Railway line in Chiba prefecture, Japan

The Keisei Chihara Line (京成千原線, Keisei Chihara-sen) is a railway line in Chiba Prefecture, Japan, operated by the Keisei Railway. The line (with direct services to and from the Keisei Main Line and Keisei Chiba Line) starts from Chiba-Chūō Station and ends at Chiharadai Station.

== Stations ==
- All trains are local trains that stop at every station.

No.: Station; Japanese; Distance (km); Transfers; Location
Between stations: Total
Keisei through services:: Via the Keisei Chiba Line & Keisei Main Line to/from Keisei-Ueno Via the Keisei Chiba Line & Keisei Matsudo Line to/from Matsudo
KS60: Chiba-Chūō; 千葉中央; -; 0.0; Keisei Chiba Line; Chūō-ku, Chiba; Chiba Prefecture
KS61: Chibadera; 千葉寺; 2.5; 2.5
KS62: Ōmoridai; 大森台; 1.7; 4.2
KS63: Gakuemmae; 学園前; 3.1; 7.3; Midori-ku, Chiba
KS64: Oyumino; おゆみ野; 1.5; 8.8
KS65: Chiharadai; ちはら台; 2.1; 10.9; Ichihara

== History ==
The line was originally planned by Kominato Railway, which obtained the government license for the new line between Hon-Chiba Station in central Chiba and Amaariki Station on the existing Kominato Railway Line in December 1957. Following years of suspension of the project, in December 1975, the license was transferred to Chiba Kyūkō Dentetsu (千葉急行電鉄), which was jointly established by Keisei Electric Railway and the Kominato Railway receiving investment from local governments and other sources.

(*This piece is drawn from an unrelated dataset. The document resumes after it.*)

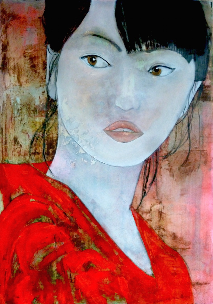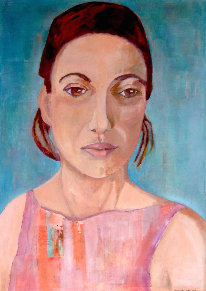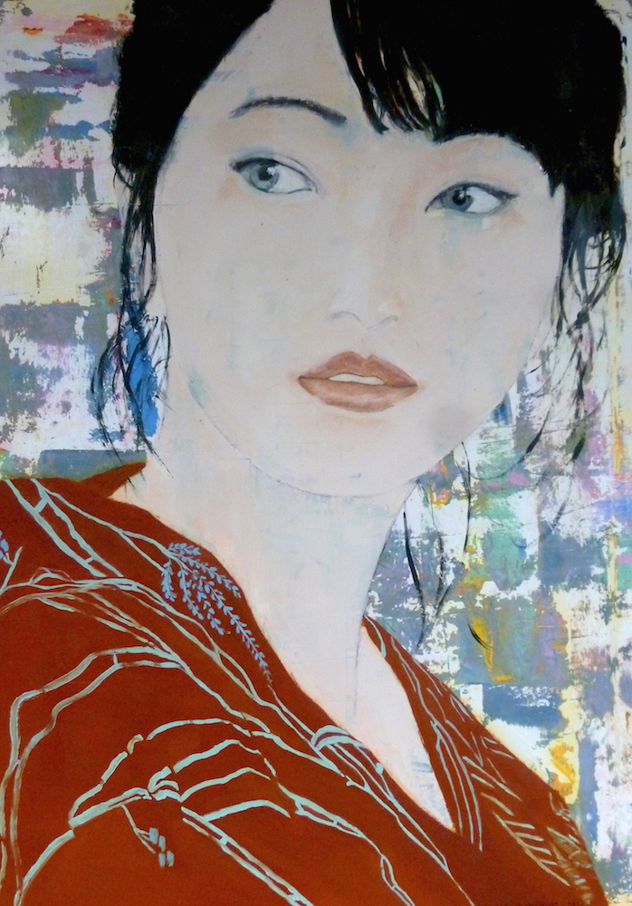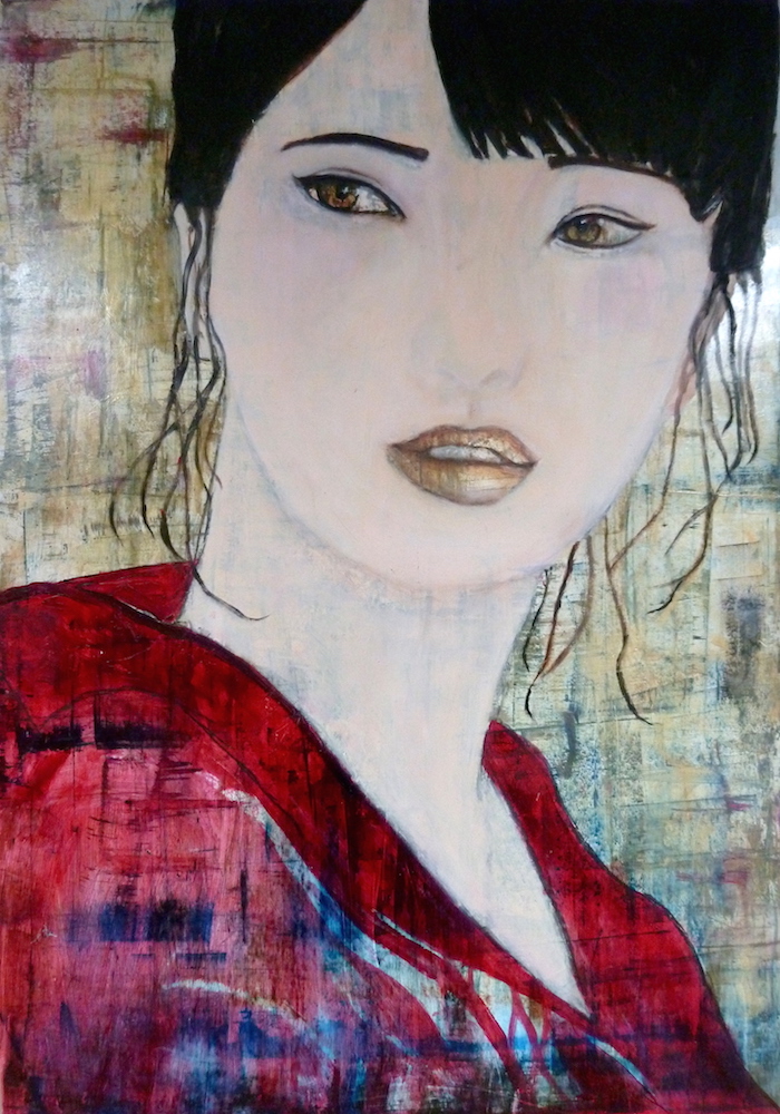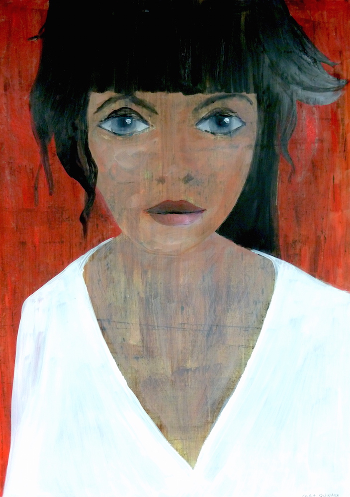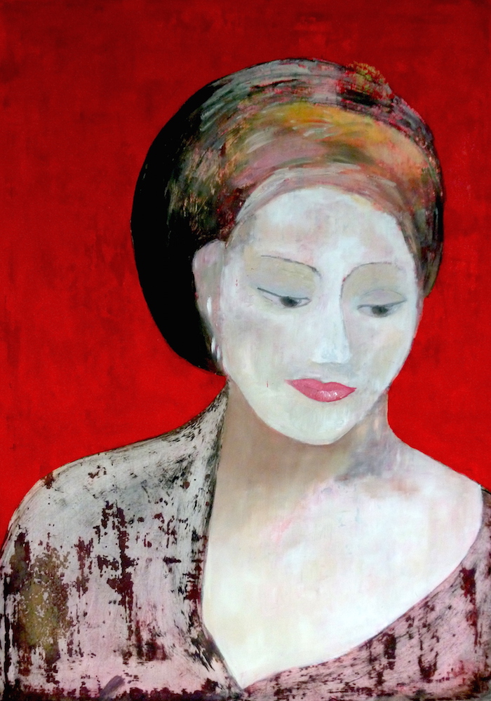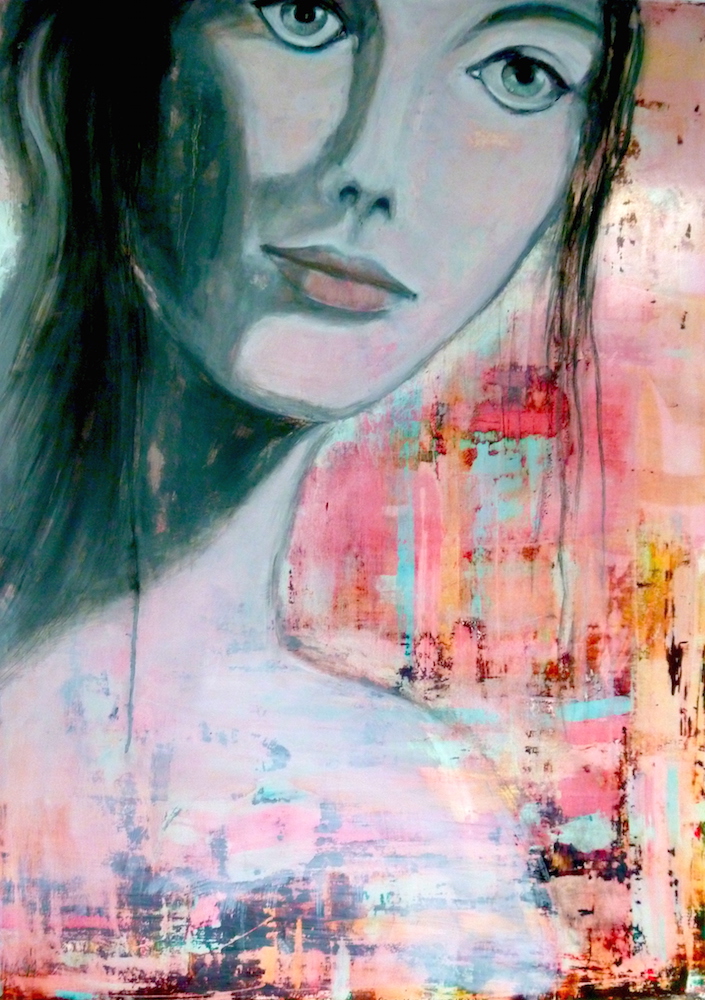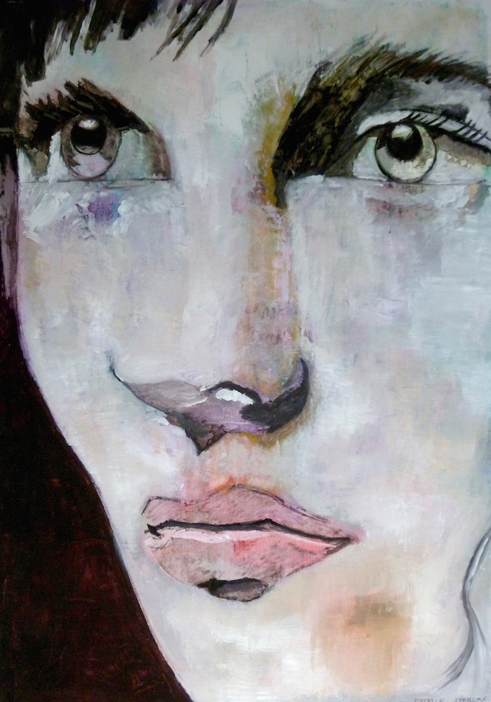Janvier 2017 – Format 50×70 – Peinture à l’huile sur carton plume fond patiné au chiffon, portrait en transparence

By the 1970s, the need for the railway had been increasing as the development of Chiba Ichihara New Town was in progress along the planned route. The plan was changed to make connection with the Keisei Chiba Line at Chiba-Chūō Station. Construction of the line began in August 1977 for the section between Chiba-Chūō Station and Chiharadai Station (10.91 km).

Chiba Kyūkō opened the new line between Chiba-Chūō Station and Ōmoridai Station (4.2 km) on April 1, 1992. The line to Chiharadai Station was completed on April 1, 1995. The entire line is single track, but the formation allows for duplication if and when required.

Due to its poor financial condition, Chiba Kyūkō was dissolved and the railway was sold to Keisei Electric Railway on October 1, 1998. Keisei named it the "Chihara Line".